Of course, Bella Abzug was running the thing, and Gloria Steinem was
very much involved. Maya Angelo, Gloria Scott, who's now president of
Bennett College here, was involved. And we had several day's sessions,
going through these twenty-six categories and developing the
recommendations that we were going to be taken to President Carter,
asking him for support and for these things to be legislatively enacted
where necessary or administratively enacted where necessary. So we went
through them, and we voted. The abortion issue was the most emotional,
and it continues to be, of course. And one thing that interested me in
North Carolina was when the abortion issue came up, about half of the
delegates voted against it and most of them were black. And I think many
times we see that it's the blacks that are pushing for abortion, mainly
because of the effort to get money for women on welfare or poor women
who need an abortion and can't have it. But that wasn't true. There were
a lot of blacks that were against abortion. The
delegation that sat immediately in front of us was from Utah, and they
were Mormons. The Mormon Church had come out against the Equal Rights
Amendment, and these women, I don't know that all of them did, when that
vote came, stood up for it and the whole place went crazy.
[Laughter]
It was so emotional, and then they started singing, "We
Shall Overcome," and they just rushed over to that delegation
and embraced them. Because they had said, "Don't decide what
we're going to be for and what we're against. We will decide."
And as they supported various things it was obvious that these were very
strong women, and they were going to make up their own minds. So you
came away with a tremendous feeling of camaraderie, that we were all out
there. And even with the women that were there that were trying to
disrupt it because their views were different, they were there and they
had a right to be there. And maybe they were so frustrated, they don't
know how else to do it, and maybe that's the only way they could get
their foot in the door, is to just fight as brutally as they could to
get into it. And of course, after that they printed all this up and took
it to President Carter. And we had a meeting in Washington after that,
which disappointed me very much. Because as they voted on the leadership
of who should be involved in presenting this and following this up, the
women that got it were not the ones that could do it.
- KATHY NASSTROM:
-
Why was that?
- GRACE JEMISON ROHRER:
-
Because there was a strong, well, this has to be just my perception
because I had watched this unfold. I think there's
often a resentment against leaders, against the Bella Abzugs and the
Gloria Steinems. They're out there. They have all this attention. And
you have people in there who are hungry to get involved, and they gang
up against them. It was a faction like this that were pushing in women
that had no business being in there. Not because there was anything
wrong with them, but they did not have the constituency. They did not
have the power. They did not have the recognition that would enable them
to push for some of these things. And it just sort of fizzled in a way.

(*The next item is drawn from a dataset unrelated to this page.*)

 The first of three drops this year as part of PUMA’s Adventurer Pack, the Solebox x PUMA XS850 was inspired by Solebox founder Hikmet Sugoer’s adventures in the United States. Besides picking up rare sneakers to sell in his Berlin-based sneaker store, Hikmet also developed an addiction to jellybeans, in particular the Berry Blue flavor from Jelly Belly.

I think it was picked up, but I saw it fizzling there. This is one thing
that I think we as women have to learn, which I think men know, is that
we go where the power is and we work with the power that we have. We
have to be tough on that. And that means sometimes leaving people out.

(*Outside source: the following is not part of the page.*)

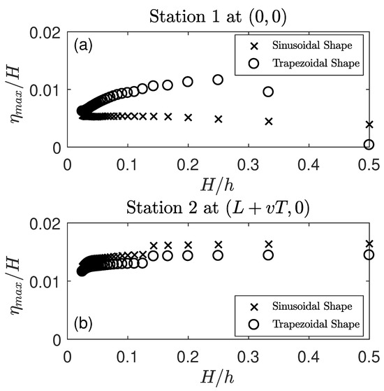 In Figure 13, the maximum amplification of the tsunami generated by the sinusoidal and trapezoidal landslide for different values is presented. In Figure 13a, for both models, it is observed that tends to 0.016 when . On the other hand, for Station 2 (Figure 13b), the trend is similar, but the values of are slightly lower for the trapezoidal shape. In addition, there is a vertical gap at , and for , there is a plateau in both curves . For Figure 13a, the curve for the sinusoidal shape tends to 0.005, but the trapezoidal shape has a different curve, reaching a maximum at .

I'm a member of Women Executives in State Government, and these are
women who have been in cabinet level positions. They're women of power,
and they have gotten there and they continue to be there because they
are tough and they've made the hard decisions. And while they are
working for women in many, many ways, women is not the issue. It's
staying in and having the clout and the power, because only then can
they bring other women into it. And they're not soft on anything, and
they say it like it is and they're forcing women to recognize that
there's sometimes decisions you have to make that may not be the ones
you would like to make but they're the ones that are going to help you
survive. And if you survive, then it means that others will survive.